The company believes that high oil and gas prices will boost the earnings of its production business. XOM expects second-quarter operating results of the oil and liquid businesses to reflect an improvement of $1-$1.4 billion from the March-end quarter of 2022. The improvement in natural gas prices is likely to have contributed $1.5-$1.9 billion to the upstream business’ profits of ExxonMobil.
Coming back to Shell, the European energy major added that persistently high oil and natural gas prices boosted the value of its energy holdings. In that context, Shell will be able to reverse $3.5-4.5 billion in impairment charges that it took during the pandemic when coronavirus and associated demand deceleration wiped billions off the oil and natural gas asset value.
At the same time, the company’s exit from Russia will cost it some $300 million to $350 million on its quarterly earnings.

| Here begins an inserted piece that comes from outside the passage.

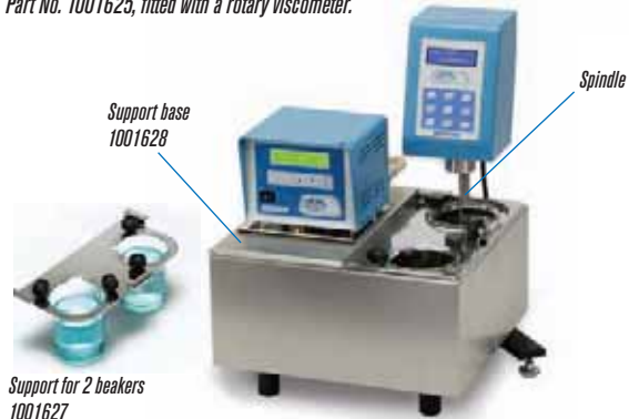
Support for 2 beakers Part No. 1001627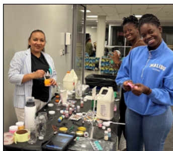
HCCC's American Chemical Society (ACS) chapter successfully held an active schedule of activities during the Fall term, including events and excursions during National Chemistry Week and attendance at the 2025 Frances S. Sterrett Environmental Chemistry Symposium.

Now, let’s dig into some other segment-wise selected items from Thursday’s release.
Upstream
According to the latest update, Shell’s upstream production fell by 16% on a year-over-year basis in the second quarter of 2022 at the midpoint of the guidance. The supermajor is estimating its output in the range of 1,850-1,950 MBOE/d compared to 2,262 MBOE/d a year ago and 2,025 MBOE/d in the first quarter of 2022. Tax charges are expected to hurt earnings in the range of $2.8-3.4 billion.
Integrated Gas
Shell’s LNG liquefaction volumes are expected in the range of 7.4-8 million tons (following the removal of volumes associated with the Sakhalin facility in Russia), which translates into an improvement of around 2.8% year over year but a decrease of 3.8% sequentially. Shell’s integrated gas production is expected to increase to the range of 930,000-980,000 barrels of oil equivalent per day (BOE/d), or 955,000 BOE/d at the midpoint. It was 938,000 BOE/d in the second quarter of 2021 and 896,000 BOE/d in the March quarter.